FOR CODY, of course, these were years of personal success and fun. He was not a little impressed with himself. “We leave for Rome on Monday,” he wrote a friend as the crew packed up in Naples. “This has been the trip of my life & I tell you a big undertakeing to take such a big outfit into strange countries. I know of no other managers who dare risk so much.” The show's European triumphs put his rivals to shame. “I guess Barnum is sorry he followed the Wild West across the Atlantic. I see he closes in London today. Well three months was a long stay for a circus. I guess he wishes he had closed two months ago.”
56
Cody's victories in the fierce competition of show business proved his supreme abilities as a capitalist and a purveyor of an entertainment product. But more than P. T. Barnum or any other show impresario, he seemed to represent America to the world. If Rome failed him in Kansas, this show of the Kansas plains in Rome gave him the mantle of conqueror and civilizer. That day at the Vatican, the papal blessing was not restricted to his cowboys and Indians. “The Pope looked at Colonel Cody intently as he passed, and the great scout and Indian fighter bent low as he received the pontifical benediction.”
57
No showman had ever been so blessed.
WHILE CODY'S success in Europe had many uses for Americans, Europeans did not admire the show simply because they liked Americans. Buffalo Bill's Wild West drew huge crowds in the United Kingdom and on the Continent because of the ways it spoke to European desires and anxieties. A full accounting of the show's meaning for its diverse European audiences would require a book in itself. But Buffalo Bill's debut in London in 1887 opened the doors to its success on the Continent. The story of how Cody's message was received in England reveals the allure of American frontier myth in Britain and Europe, but also the full range of cultural statements the show inspired in its turn. The golden myth of the Wild West offered promise and peril to Victoria's Britain, and how British people responded to its fun and their own forebodings about it can instruct us in the real power and meaning of frontier mythology in Europe as well as in the United States.

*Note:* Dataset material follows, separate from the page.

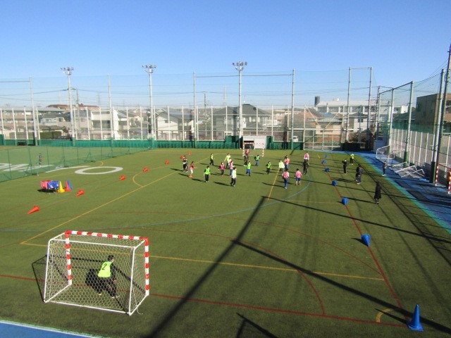 交流は、LONDRINA(ロンドリーナ)のコーチの皆さんを講師に迎え、グループに分かれてウォーミングアップをしてから、パスやシュートの練習をし、最後に両校混合チームで試合を行いました。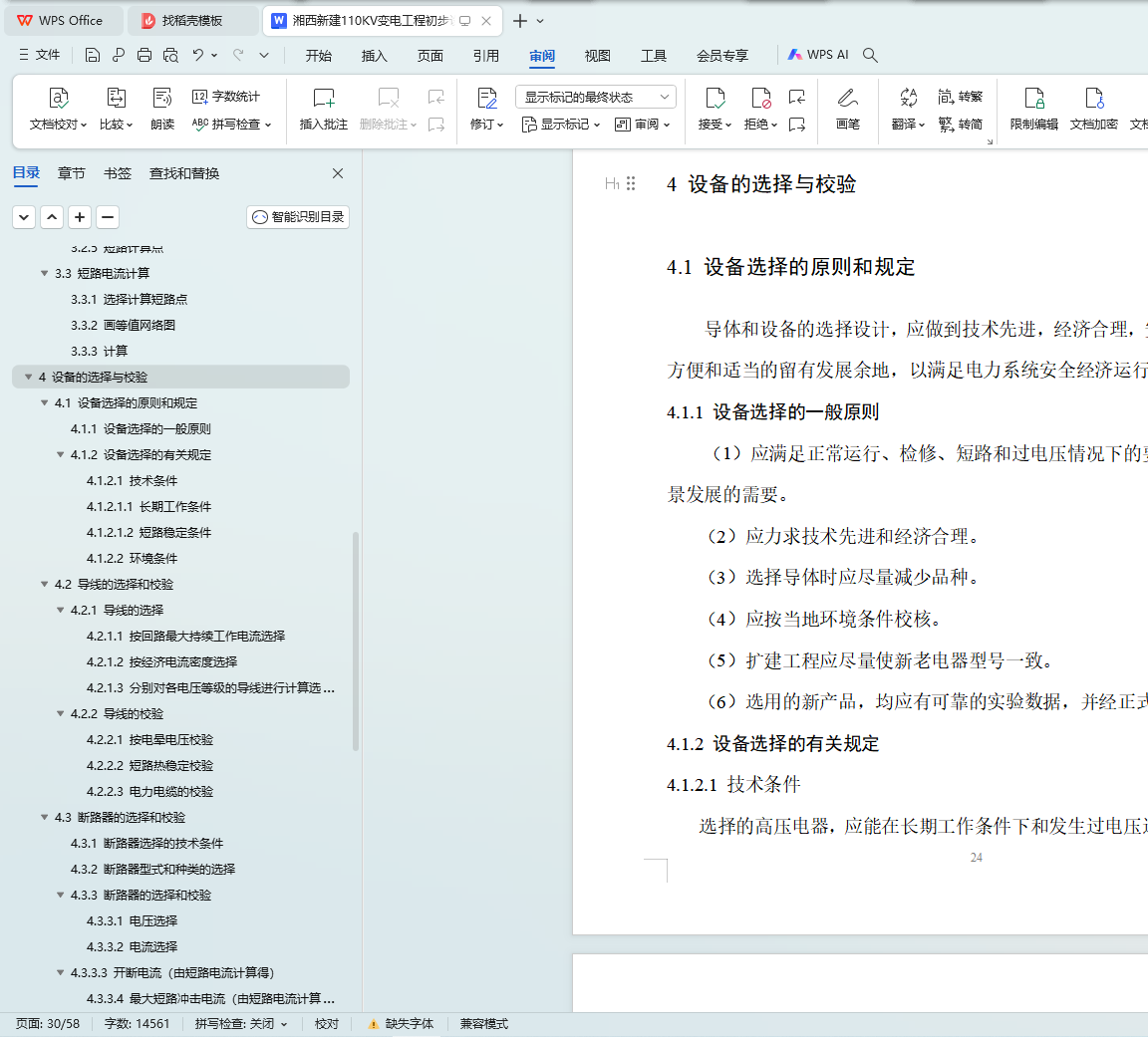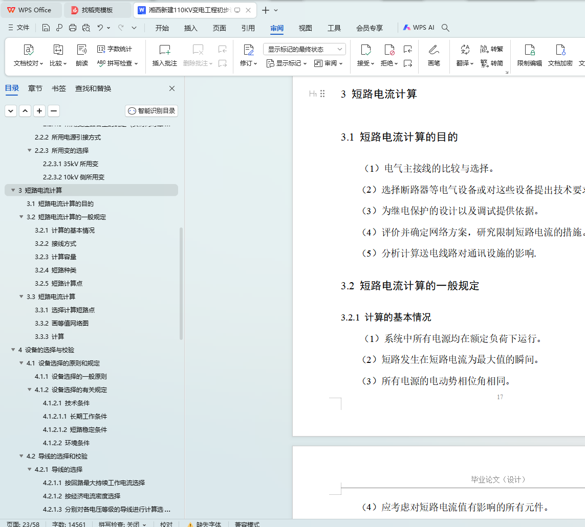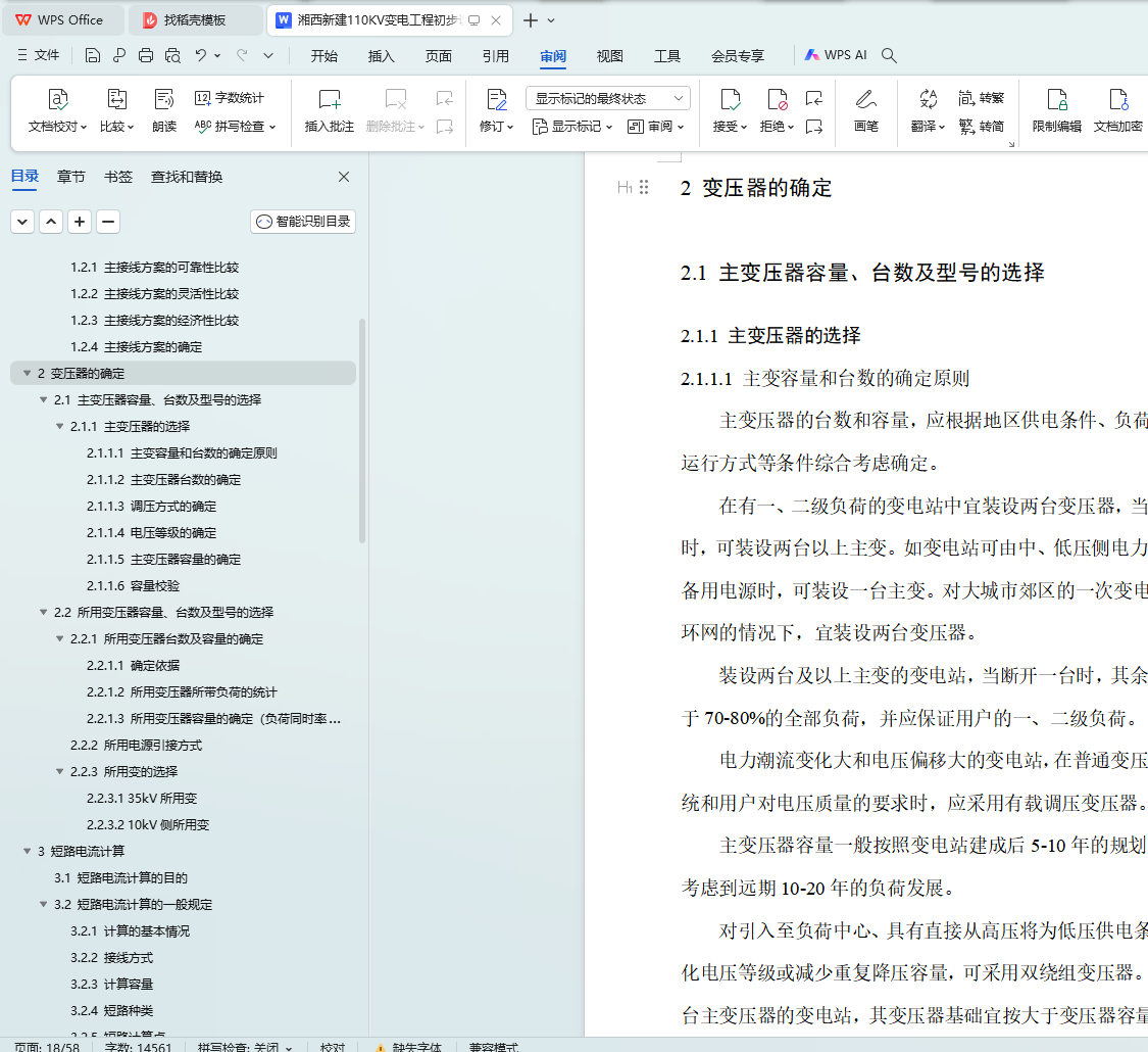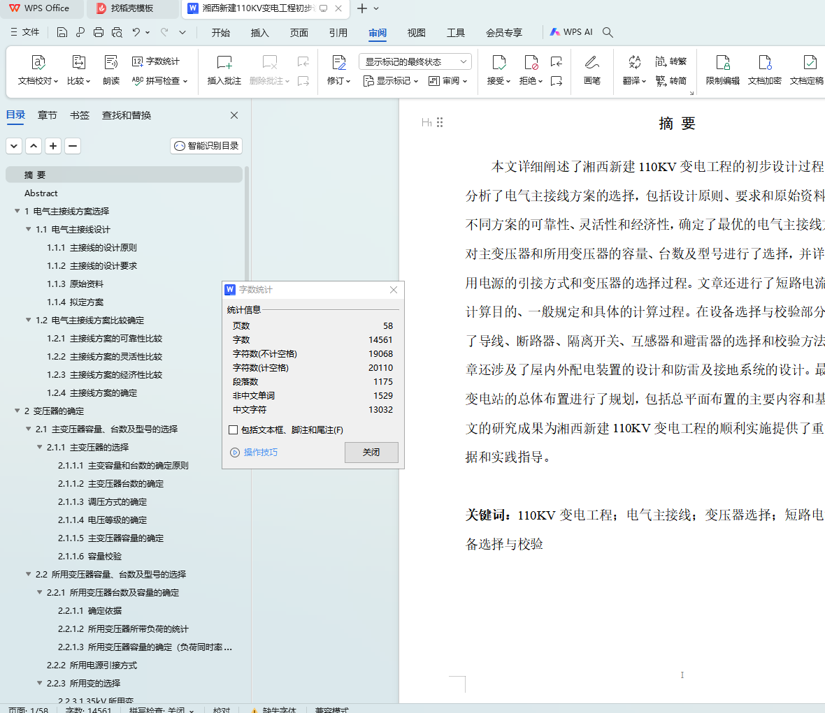 关键词:110KV变电工程;电气主接线;变压器选择;短路电流计算;设备选择与校验

IN JUNE, almost two months after the Wild West show docked at Gravesend, Cody took a coach trip in Oatlands Park, London. For all the celebrity sojourns in the Deadwood coach that summer, this little-noticed outing offers clues to the deeper fascination of the Wild West show for English audiences. On this day, Cody was the guest of Henry Irving, England's greatest living actor, as was John Lawrence Toole, a friendly theatrical rival of Irving's. The two renowned actors and the season's social lion, whose posters had made his long black hair and Vandyke beard easily recognizable throughout London, sat together on the box. The three drew gasps and, occasionally, shouts of approval from onlookers.